Visualizing Code Embeddings
To generate these embeddings, I used jina-code-embeddings-1.5b-Q8_0[9], a model designed for code retrieval (text-to-code, code-to-code, and code-to-text). I ran it locally with Llama.cpp and embedded one of my personal projects. I also set up basic chunking using tree-sitter to split the code into functions and classes. Every function, class, and code chunk gets converted into a 1536-dimensional vector. Below, we visualize these using t-SNE to reduce them to 2D.
What You're Seeing
- Each point is a code chunk (function, class, method, or file)
- Colors represent programming languages or chunk types
- Proximity indicates semantic similarity — nearby points have similar meaning
- Clusters form naturally around related functionality
How Semantic Search Works
With embeddings stored, semantic search becomes possible. Select a natural language query and watch:
- The query gets embedded into the same vector space as the code
- The system finds the nearest neighbors using cosine similarity
- Results are ranked by semantic similarity, not keyword matching
Part 3: Comparing the Approaches
Both grep-based search and semantic indexing have their place — the right choice depends on your priorities.[7][8]
The Trade-off
As Nick Baumann from Cline explains, indexing introduces complexity that may not be worth the trade-off:[7]
"We don't index your codebase, and this choice isn't an oversight — it's a fundamental design decision."

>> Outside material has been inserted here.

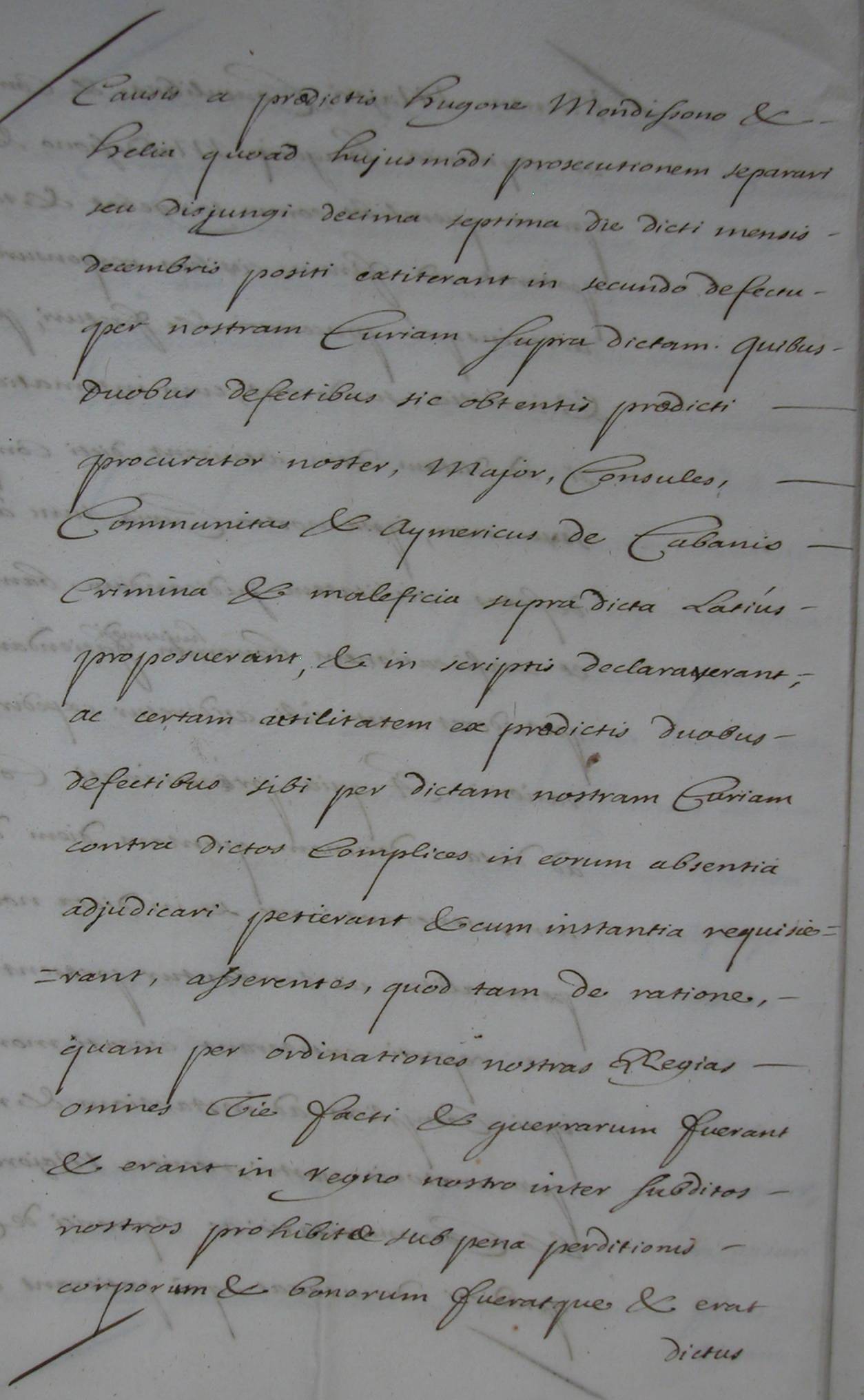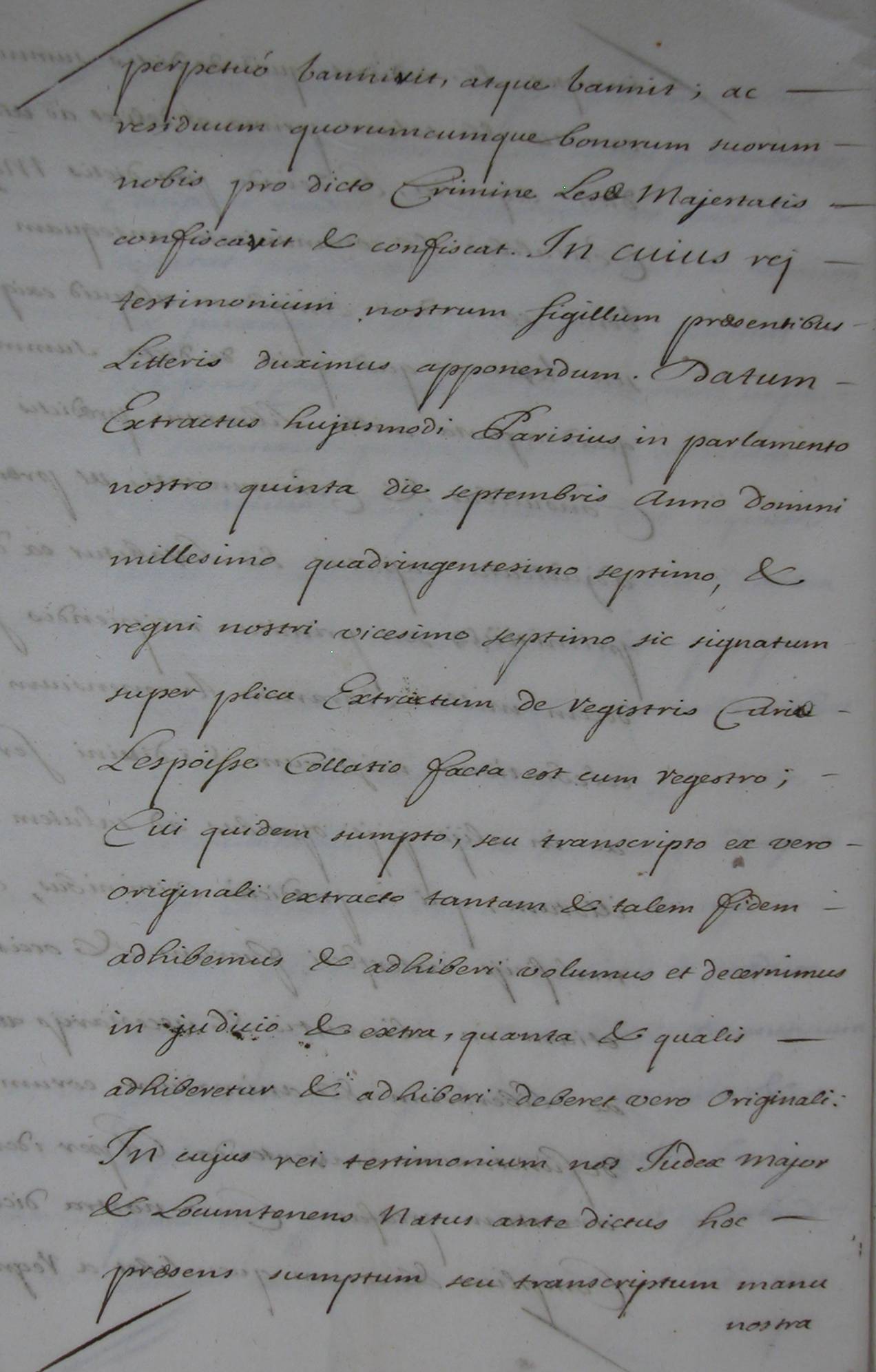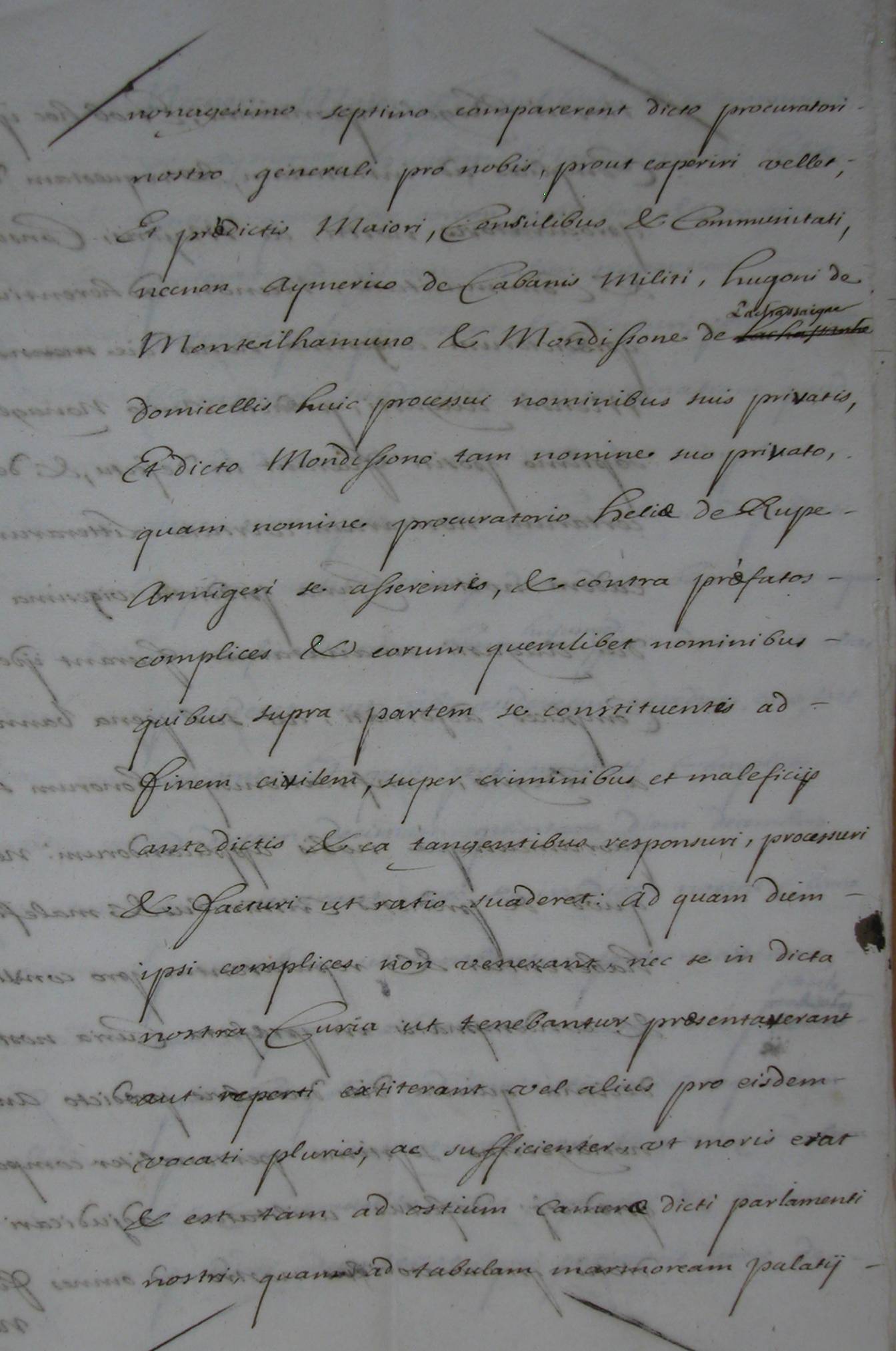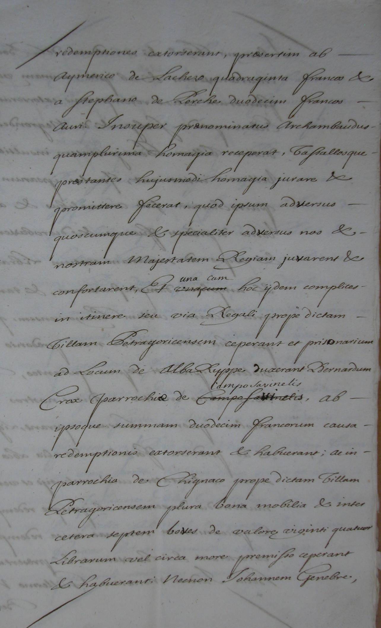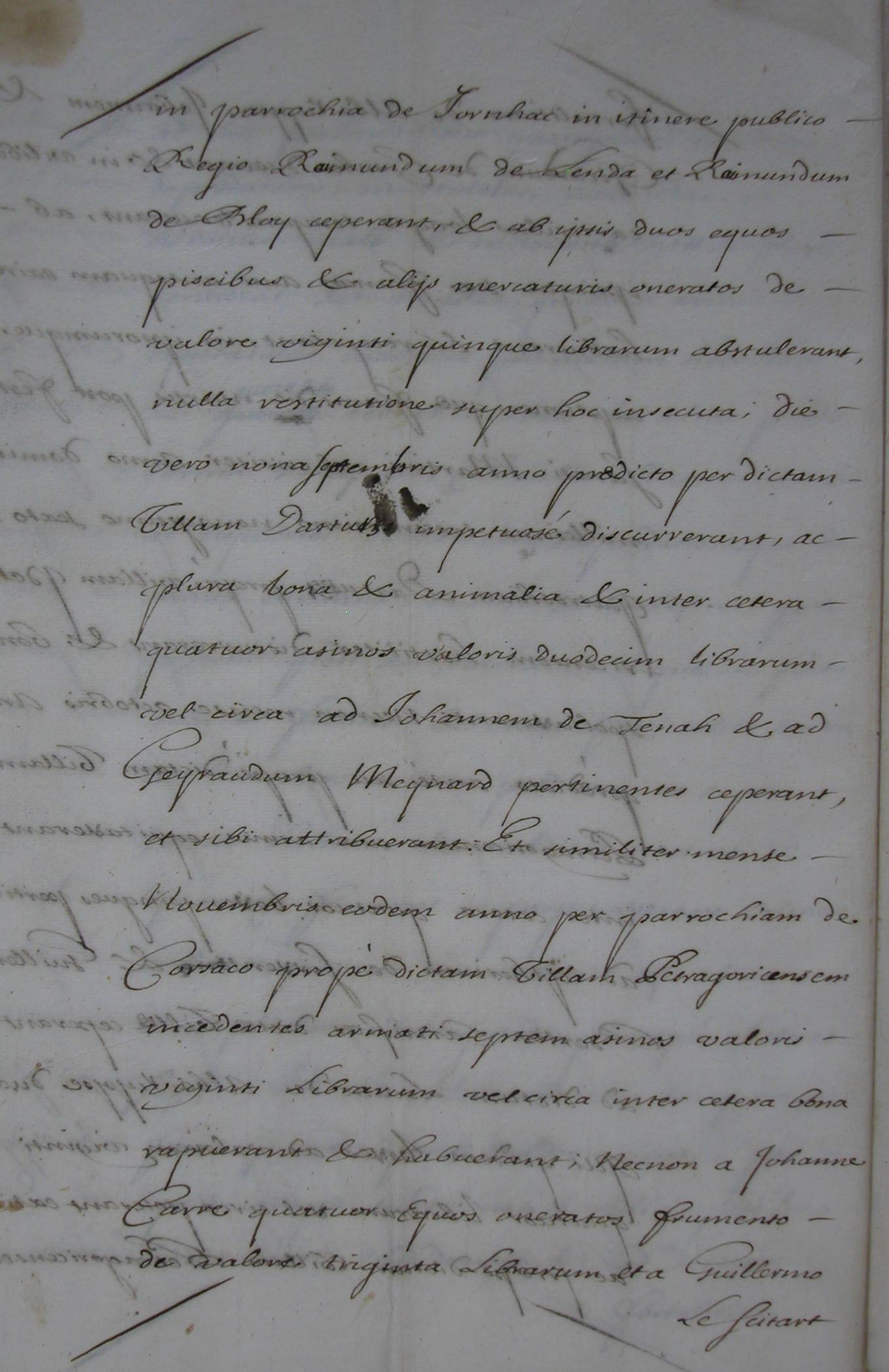 Johannes Tricardi in legibus licenciatus, et locum tenens natus domini senescalli Petragoricensis, notum facimus universis has presentes litteras inspecturis, nos hodierna die infrascripta ad instantiam et requestam egregii et potentis domini Alani, domini de Lebreto, comitis Petragoricensis, vicecomitisque Lemovicensis, et Tartasis, ac domini de Avenis in presentia discretorum virorum magistrorum Petri Baillivi, et Johannis de Pelisses in legibus licenciati advocati, et procuratoris domini nostri Regis in senescallia Petragoricensi vidisse, tenuisse, palpasse et legisse de verbo ad verbum et per notarios et scribas dictae curiae infra scriptos transcribi fecisse quasdam patentes litteras in duplici cauda et cera crocea, ut prima facie apparebat in pendenti sigillatas, non rasas, non viciatas, non cancellatas, nec in aliqua earum parte suspectas, sed prorsus omni vicio et suspicione carentes, quarum tenor talis est : Karolus Dei gratia Francorum Rex, universis presentes litteras inspecturis, salutem. Notum facimus, quod nos de registris criminalibus nostre parlamenti curie extrahi fecimus quoddam arrestum in eadem nostra curia decima nona die julii, anno Domini millesimo tricentesimo nonagesimo nono datum seu prolatum, cuius tenor talis est :ex parte procuratoris nostris generalis pro nobis et dilectorum nostrorum maioris, consulum et communitatis ville et civitatis nostre Petragoricensis : necnon Aymerici de Cabanis militis actorum, contra Archambaudum de Petragorico, Arnaldum Durac capitaneum de Bourdeilhe, Johannem Cotet capitaneum de Alba Ruppe, Bos de Chambrilhac, Bertrandum de Lagandilhie, magistrum Guillermum Jaubert, Leonardum de Ponte, Raymundum Gunbaud, Oliverium Mercuri clericum Mureti, quendam vocatum Cossandum, quendam vocatum Phelippot, quendam vocatum Bastide, Johannem Normani, Bernardum de Sancto Petro generem Bernardi de Massant, Thomelinum Delage, quemdam vocatum Verdoyce, quemdam vocatum Tire-Agulhete, Johannem Du Rat, Perrotum Marches, Vidalotum Marches, Alanum Marches, quemdam vocatum Colet, Bernardum de Massant, Maronem de Ferrezaco, quemdam vocatum Nucay, quemdam vocatum Ramonet, Mondonum Dale, Robinetum Legrasset, Bernardum de Massant, Maronem de Ferrezaco, quemdam vocatum Grungadie, quemdam vocatum Gironnet, Mondonum famulum clerici Mureti, quemdam vocatum Leboure de Sancto Petro, Johannem Barbe de Bone, quemdam vocatum Nandin, quemdam vocatum Lorans, Robinum Le Clergon, Bernardum de Morteriis, Johannem Damouretes, Guillermum Leblonde, quemdam vocatum Finet, Martinum Lespagnol, quemdam vocatum Guilhams, Johannem Gumel, Jacobum Balisterii, quemdam vocatum Guilhamin, Perrotum Escalle, Hennequinum A La Poulanie, Guilhotum Cournaguerre, Gailhardetum de Larcherie, Menautonum de Ponte, Guillermum et Rampicoulz de Villeboys, Mondonum Francisci, Johannem Normani, Johannem de Labernardie, quemdam vocatum Le Camus, Johannem Balisterii, quemdam vocatum Maudicot, Johannem Morelli, Johannem de Sancta Fide, quemdam vocatum Denis, Perrotum Britonis, Andoynetum capitaneum de Fossamaigne, et Martialem Balisterii complices et malefactores in hac parte, fuit in nostra parlamenti curia in ipsorum complicium abtencia propositum nobis alias pro parte dictorum maioris, consulum et communitatis expositum fuisse graviter conquerendo, quod cum certus processus alias motus fuisset et penderet in eadem nostra curia inter ipsos conquerentes dicto procuratore nostro secum adjuncto actores ex una parte; et defunctum Archambaudum quondam comitem Petragoricensem, ac nonnullos alios ejus confederatos seu complices defensores ex altera, occasione plurium et diversorum criminum, excessuum et maleficiorum horribilium et detestabilium per eosdem Comitem et ejus complices in partibus Petragoricensibus dampnabiliter commisorum et perpetratorum.Et super hoc in tantum processum fuisset, quod per arrestum dicte nostre curie dicti Comes et sui complices fuerunt erga dictos conquerentes in certis emendis condempnati et a regno nostro perpetuo banniti, eodem comitatu Petragoricensi nobis confiscato et penitus acquisito, prenominatus Archambaudus filius dicti defuncti comitis noster vassalus et subditus, suique complices et fautores in fortaliciis de Montinhaco, de Alba Ruppe, de Bordeilhe, et de Roucille, ac in aliis locis per ipsum Archambaudum detentis manantes et conversantes in odium et contemptum dicti arresti ante et post prolationem ipsius contra nostras ordinationes regias, per quas omnes guerre et vie facti inter nostros subditos sub pena perditionis corporum et bonorum notorie prohibentur quamplures equitatus, guerras, murtra, homicidia, et alia crimina et maleficia, interveniente juvamine et associatione nonnullorum anglicorum, et aliorum nostrorum et regni nostri innimicorum contra villam et civitatem nostram Petragoricensem, et habitatores ejusdem, et suarum pertinentiarum, necnon contra quamplures nostros subditos et villas dicte patrie Petragoricensis fecerant, commiserant et perpetuaverant, ac facere, comittere et perpetrare non cessabant temere et injuste in prejudicium, dampnum et destructionem rei publice dicte patrie, dictorumque conquerentium, qui propter hoc taliter fuerant et erant gravati et oppressi, quod necessarium sibi aut quamplurimis ipsorum fuerat et erat ipsam patriam omnino relinquere, et alibi se transferre, nisi de remedio iustitie super hoc provideretur eisdem. Quapropter senescallis nostris Petragoricensi, Lemovicensi, Xantonensi et Caturcensi, ceterisque justiciariis nostris, aut eorum locatenentibus, et eorum cuilibet per certas litteras nostras decima octava die aprilis ante Pascha, anno Domini millesimo trecentesimo nonagesimo sexto a nobis obtentas mandaveramus committendo, quathenus de et super eisdem criminibus et maleficiis, et aliis pro parte dictorum conquerentium declarandis, se diliginter et secrete informarent, et quos de ipsis per informationem factam seu faciendam, famam vel publicam, aut vehementes presumptiones, culpabiles, aut suspectos invenirent, ubicu

The creator of Claude Code echoed similar concerns, noting that indexing introduces problems around security, privacy, staleness, and reliability. Cline's blog articulates three key challenges with RAG-based approaches:[7]
-
Code doesn't think in chunks — When you chunk code for embeddings, you're tearing apart its logic. A function call might be in one chunk, its definition in another, and the critical context that explains why it exists scattered across a dozen fragments.
-
Indexes decay while code evolves — Software development moves fast. Functions get refactored, dependencies update, entire modules get rewritten. An index is a snapshot frozen in time — every merge is a potential divergence between reality and your AI's understanding.
-
Security becomes a liability — Your codebase isn't just text — it's your competitive advantage. Creating vector embeddings means creating a secondary representation of your IP that needs to be stored somewhere, doubling your security surface.
Cursor, on the other hand, acknowledges these challenges but argues that semantic search remains valuable because of[8]:
- Faster results: Compute happens during indexing (offline) rather than at runtime, so searches are faster and cheaper
- Better accuracy: Custom-trained models retrieve more relevant results than string matching
- Fewer follow-ups: Users send fewer clarifying messages and use fewer tokens compared to grep-only search
- Conceptual matching: Find code by what it does, not just what it's named
As Cursor notes: "Agent uses both grep and semantic search together. Grep excels at finding exact patterns, while semantic search excels at finding conceptually similar code." Modern tools increasingly combine both approaches — grep for precision and semantic search for discovery. The future likely isn't one or the other, but intelligent orchestration of both.